Tests are distinct from the event. We have a cancer test, separate from the event of actually having cancer. We have a test for spam, separate from the event of actually having a spam message.
Tests are flawed. Tests detect things that don’t exist (false positive), and miss things that do exist (false negative). People often use test results without adjusting for test errors.
False positives skew results. Suppose you are searching for something really rare (1 in a million). Even with a good test, it’s likely that a positive result is really a false positive on somebody in the 999,999.

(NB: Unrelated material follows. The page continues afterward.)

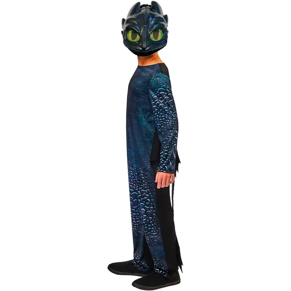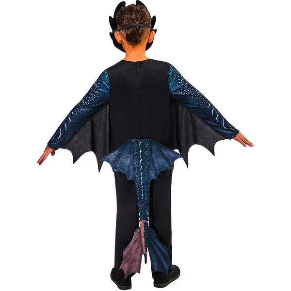Une combinaison imprimée en jersey avec ailes intégrées au niveau des manches et queue détachable. Un masque en plastique de Croc-Mou avec attache élastique et fermeture velcro
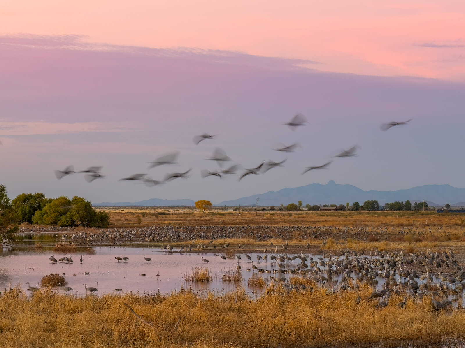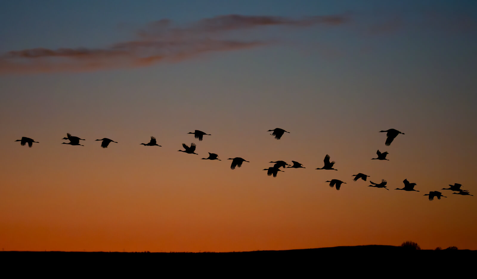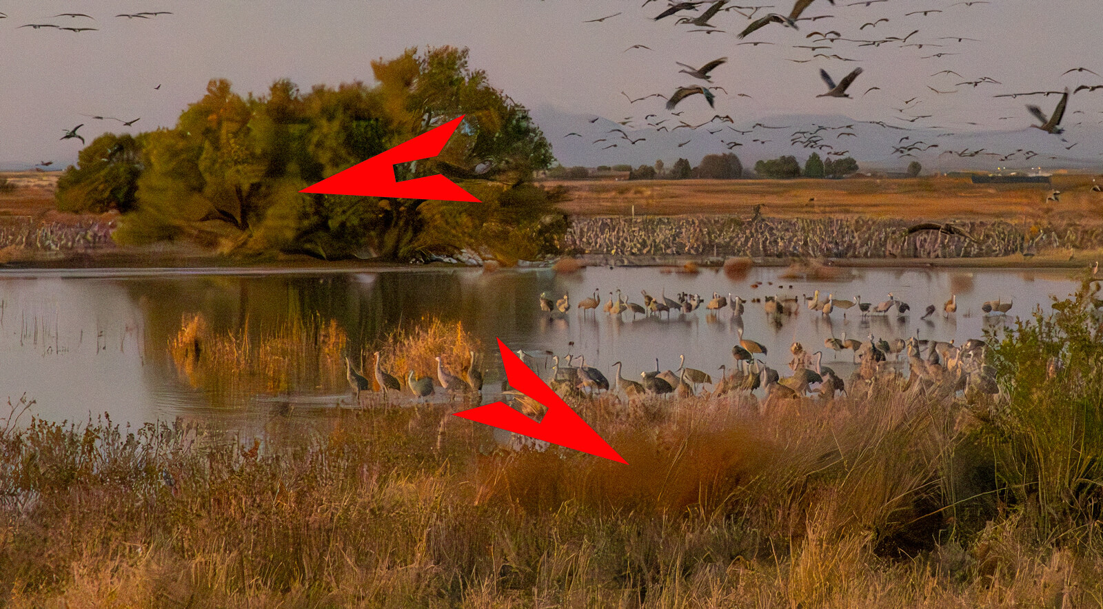 There are only so many photos you can make of the cranes making their approach over the previous returnees. Which means it’s time to play and push the envelope of capture. In my case for this night it was high ISO. But that’s not all. Mix in some slow shutter speed and things can change radically. I really enjoy the combination of the static scene and birds on the ground and the blurring of the cranes flying in.

People prefer natural numbers. Saying “100 in 10,000″ rather than “1%” helps people work through the numbers with fewer errors, especially with multiple percentages (“Of those 100, 80 will test positive” rather than “80% of the 1% will test positive”).
Even science is a test. At a philosophical level, scientific experiments are “potentially flawed tests” and need to be treated accordingly. There is a test for a chemical, or a phenomenon, and there is the event of the phenomenon itself. Our tests and measuring equipment have a rate of error to be accounted for.